- **Work to complete**: Go through the data below and copy it exactly, skipping every picture.

==== Information provided

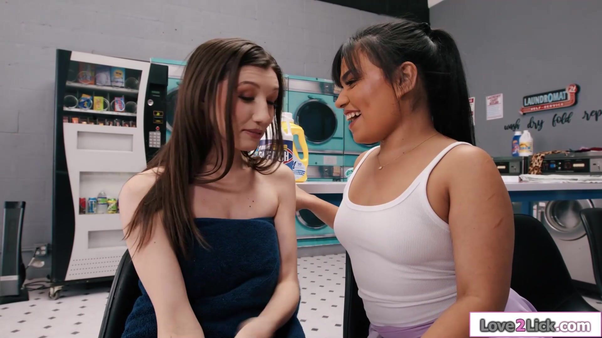 Lesbian Maya Woulfe gets seduced by her petite latin gf Summer Col.The latina wants to have sex at the laundromat.The small tits brunette kisses her and sucks on her small boobs.She licks her wet pussy and facesits her before scissor fucking her
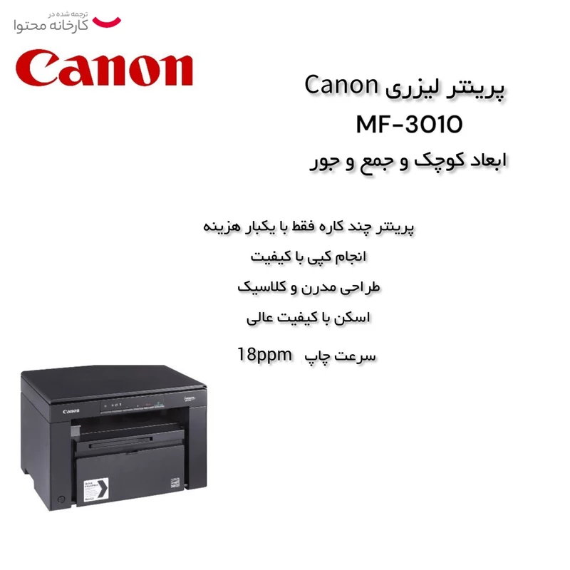 پرینتر چندکاره و لیزری MF3010 ساخت شرکت کانن دستگاهی ارزانقیمت، کمحجم و سریع است که بهراحتی بر روی میز کاریتان جا میشود. سرعت این پرینتر نسبت به مدلهای رقیب خود بسیار مناسب است. از سوی دیگر قابلیتهایی مانند فکس، چاپ دورو و افزایش میزان کاغذ سینی ورودی در این مدل وجود ندارد و اتصال به رایانه تنها از طریق USB صورت میگیرد و امکان استفاده از آن بهصورت مستقیم در شبکه و یا اتصال WiFi در آن وجود ندارد. این دستگاه قطعاً دستگاهی برای استفادههای خانگی و شخصی است و استفاده از آن در محیطهای کاری و تجاری توصیه نمیشود.
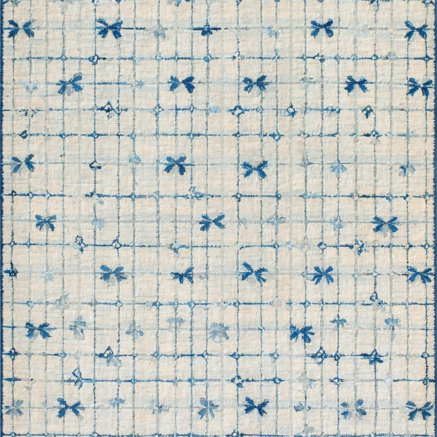 Coquette Aesthetic Blue Bows & Scallops Cute Room Decor(Beige)
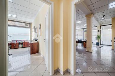 COSA SAPERE SULL'IMMOBILE: l'immobile angolare presenta vetrate su tutto il perimetro, le quali permettono al locale di ricevere molta visibilità e luce, la struttura lineare permette divisioni ampie e funzionali dei locali. Collegata cantina nel sotterraneo di mq. 25, utile per deposito magazzino.

========

- **Your response**:
 Lesbian Maya Woulfe gets seduced by her petite latin gf Summer Col.The latina wants to have sex at the laundromat.The small tits brunette kisses her and sucks on her small boobs.She licks her wet pussy and facesits her before scissor fucking her
 پرینتر چندکاره و لیزری MF3010 ساخت شرکت کانن دستگاهی ارزانقیمت، کمحجم و سریع است که بهراحتی بر روی میز کاریتان جا میشود. سرعت این پرینتر نسبت به مدلهای رقیب خود بسیار مناسب است. از سوی دیگر قابلیتهایی مانند فکس، چاپ دورو و افزایش میزان کاغذ سینی ورودی در این مدل وجود ندارد و اتصال به رایانه تنها از طریق USB صورت میگیرد و امکان استفاده از آن بهصورت مستقیم در شبکه و یا اتصال WiFi در آن وجود ندارد. این دستگاه قطعاً دستگاهی برای استفادههای خانگی و شخصی است و استفاده از آن در محیطهای کاری و تجاری توصیه نمیشود.
 Coquette Aesthetic Blue Bows & Scallops Cute Room Decor(Beige)
 COSA SAPERE SULL'IMMOBILE: l'immobile angolare presenta vetrate su tutto il perimetro, le quali permettono al locale di ricevere molta visibilità e luce, la struttura lineare permette divisioni ampie e funzionali dei locali. Collegata cantina nel sotterraneo di mq. 25, utile per deposito magazzino.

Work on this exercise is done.